Whole-genome sequencing results showed that the causative agent is a novel coronavirus.
Therefore, this virus is the seventh member of the coronavirus family to infect humans. The
World Health Organization (WHO) temporarily termed the new virus 2019 novel coronavirus
(2019-nCoV) on 12 January 2020 and then officially named this infectious disease coronavirus
disease 2019 (COVID-19) on 12 February 2020. Later, the International Committee on
Taxonomy of Viruses (ICTV) officially designated the virus as SARS-CoV-2 based on
phylogeny, taxonomy and established practice. Subsequently, human-to-human transmission of
COVID-19 occurring within Hong Kong has been shown in clinical data. Since COVID-19
initially emerged in China, the virus has evolved for four months and rapidly spread to other
countries worldwide as a global threat. On 11 March 2020, the WHO finally made the
assessment that COVID-19 can be characterized as a pandemic, following 1918 Spanish flu
(H1N1), 1957 Asian flu (H2N2), 1968 Hong Kong flu (H3N2), and 2009 Pandemic flu (H1N1),
which caused an estimated 50 million, 1.5 million, 1 million, and 300,000 human deaths,
respectively (2).
Bronchodilators
In this scenario, inhaled bronchodilators (IB) have been suggested as a possible treatment.
According to the WHO’s Anatomical Therapeutic Chemical (ATC) Classification, IB include
inhaled adrenergic, anticholinergics and corticosteroid. Thousands of hospitalized patients with
evidence of Covid-19 pneumonia worldwide have been prescribed these medications as part of
treatment for the disease. However, taking into account the pathophysiological mechanism of the
disease previously exposed, with development of hyper inflammation hypercoagulability and
potential fibrosis, the use of these drugs may be ineffective given the absence of airway
pathology (6).
Mechanism of action
The mechanism of action of bronchodilators includes targeting the beta-2 receptor, which is
a G-protein coupled receptor, in the lung airways. When the beta-2 receptor is activated, the
smooth muscle of the airway relaxes. Subsequently, the patient experiences better airflow for a
period. Consistent use of beta-2 agonists for an extended amount of time reduces their efficacy
due to the down-regulation of the beta-2 receptor in the airways. As such, a higher dose of
medicine is necessary to achieve the same result. Bronchodilator metabolism occurs in the
gastrointestinal tract by cytochrome P-450 enzymes. About 80% to 100% is excreted in the
urine, and less than 20% is excreted in faeces. Short-acting bronchodilators have a half-life of 3
to 6 hours, while longer-acting bronchodilators have a half-life of 18 to 24 hours (7).
NSAIDS
Ibuprofen is a nonsteroidal anti-inflammatory drug (NSAID) commonly used during any
infection accompanied by fever. It is an effective antipyretic and analgesic and is available over
the counter (OTC). Acetaminophen and ibuprofen are the two most extensively used antipyretics.
Ibuprofen disappeared from the pharmacy shelves when quarantine measures were announced to
combat the 2019 coronavirus (COVID-19) disease pandemic, which led to global shortages of
ibuprofen.
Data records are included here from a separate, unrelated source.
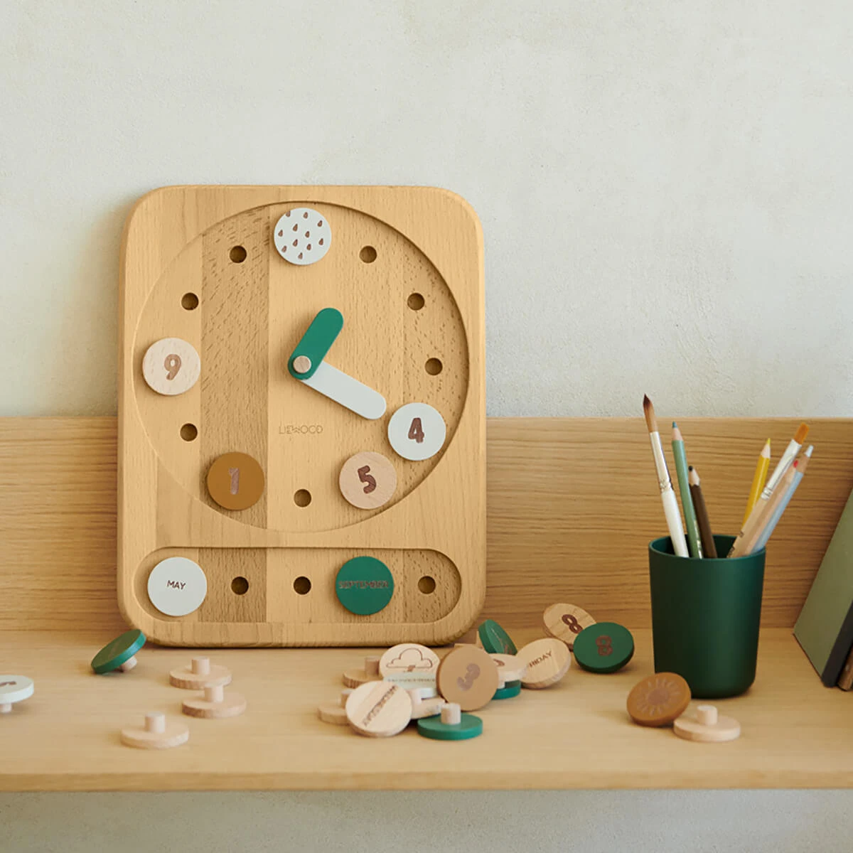 Yelena toy clock by Liewood. With interchangeable units, this wooden toy clock is a fun way to learning time, weekdays and date of the month. The set includes numbers, months names, weekday names and different weather stations, all delivered in a storage bag.
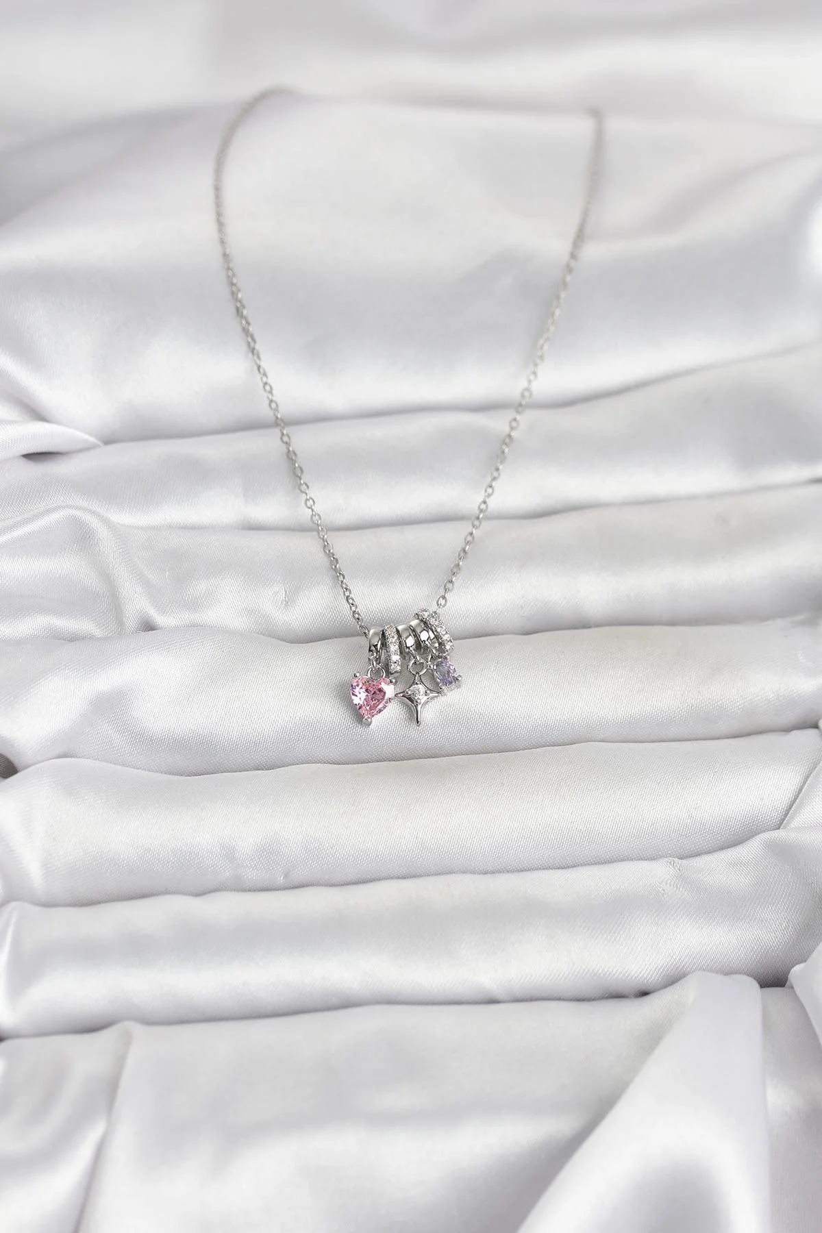 316L Çelik Gümüş Pembe Zirkon Taşlı Charmlı Kadın Kolye
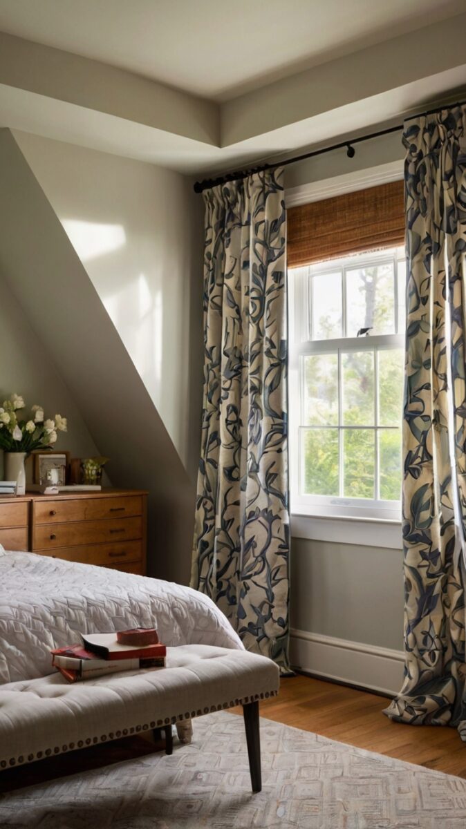 If I had a sloped ceiling bedroom with a small window, Iβd add floor-length curtains to draw the eye up and down.
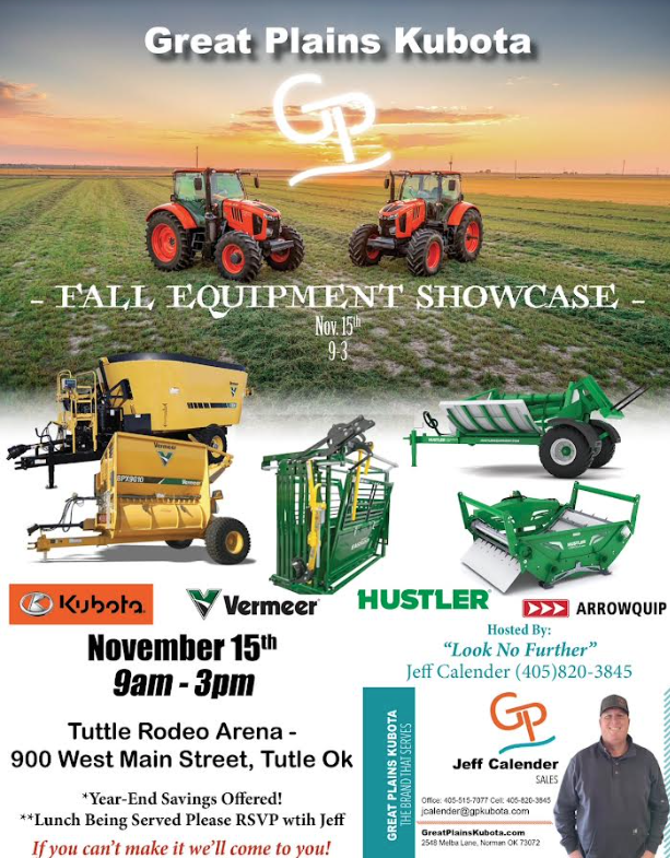If you would like to see all Kubota has to offer, join us in Tuttle on November 15th for the Fall Equipment Showcase! Jeff Calender will be on hand to discuss all things Kubota and help you find the right equipment for your farm or ranch!
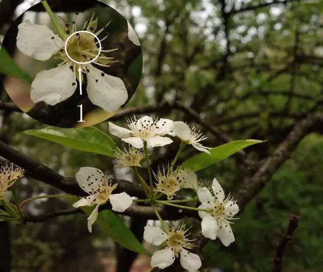 梨属典型特征是花柱离生,“梨”同“离”,便于记忆,梨的果实具有石细胞,吃过梨的人都知道梨比较脆,果肉稍硬,这就是石细胞所致。梨属还有一个突出的特征就是花药,其花药多为红色或紫色。而梨本种的花药是红色的,极易识别。
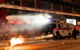 Police then asked organisers to call off the march early and crowds eventually dispersed as a water cannon truck and scores of police in riot gear patrolled the streets late into the evening.
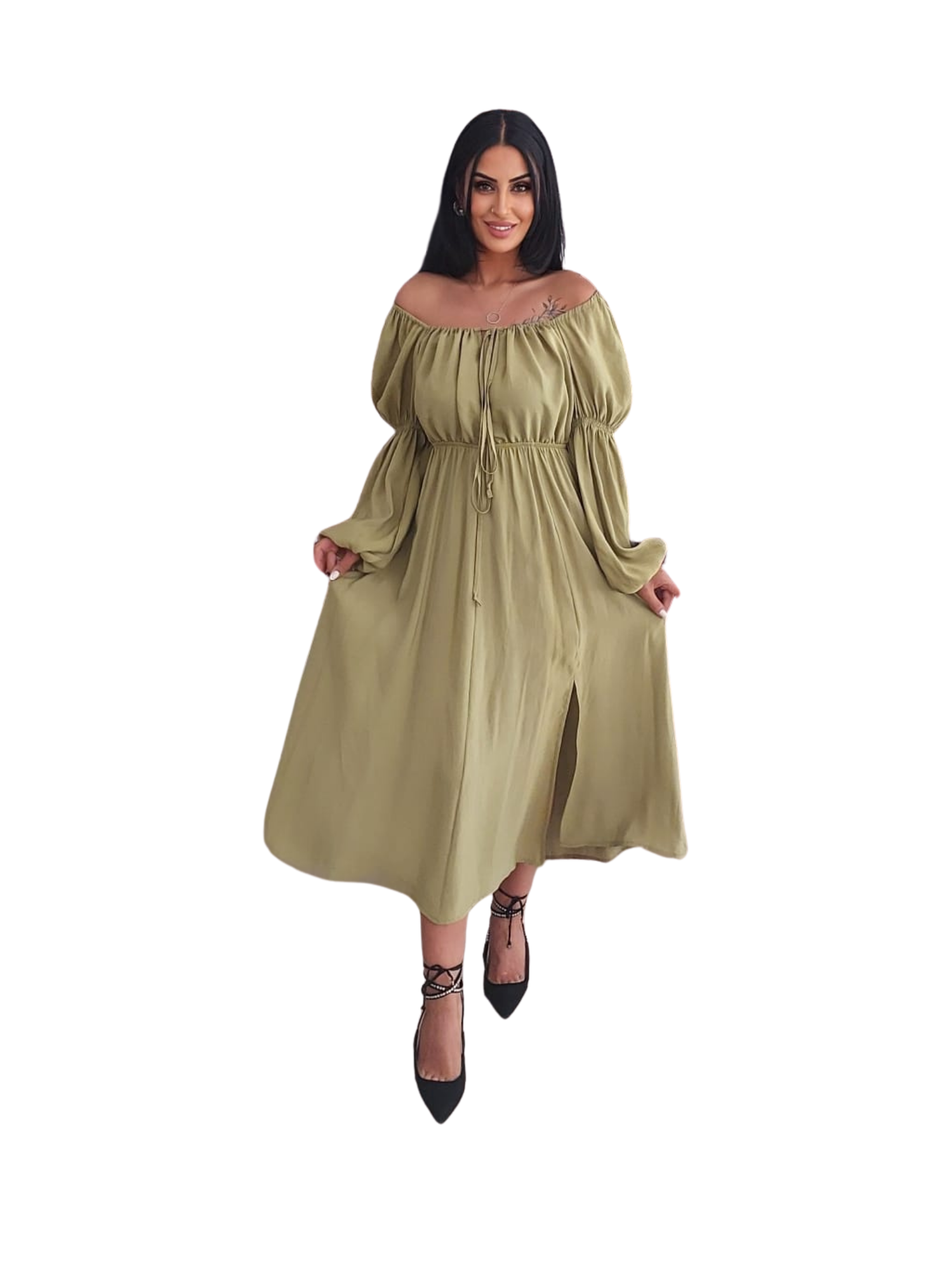 BÜZGÜLÜ YEŞİL ELBİSE

However, a while later information circulated on the news saying that ibuprofen
should be avoided as it could worsen COVID-19 symptoms (8).
Mechanism of action
Ibuprofen is a non-selective inhibitor of an enzyme called cyclooxygenase (COX), which
is required for the synthesis of prostaglandins via the arachidonic acid pathway. COX is needed
to convert arachidonic acid to prostaglandin H2 (PGH2) in the body. PGH2 is then converted to
prostaglandins. The inhibition of COX by ibuprofen, therefore, lowers the level of prostaglandins
made by the body. The prostaglandins that are formed from PGH2 are important mediators of
sensations, such as pain, and inflammatory processes, such as fever and inflammation (9).
Janus kinase inhibitors
JAKinibs or other immunosuppressive drugs may improve the treatment of
COVID-19. In this regard, the latest studies show that baricitinib is a potential treatment for
ARDS in COVID-19. Furthermore, it can decrease the virus infectivity for lung cells. The ACE2
receptor has several regulators among which AP2-associated protein kinase-1 (AAK1) and
cyclin G-associated kinase (GAK) mediate clathrin-dependent endocytosis (Fig. 2). Baricitinib
not only interrupts the passage and intracellular assembly of SARS-CoV-2 into the target cells
via disruption of AAK1 signalling but it also reduces the inflammation in patients with AARDS
(10).
Mechanism of action
From the interaction of cytokines and growth factors with receptors located on the cellular
membrane. These enzymes phosphorylate and activate signal transducers and activators of
transcription proteins (STATs), which modulate intracellular activity including gene expression.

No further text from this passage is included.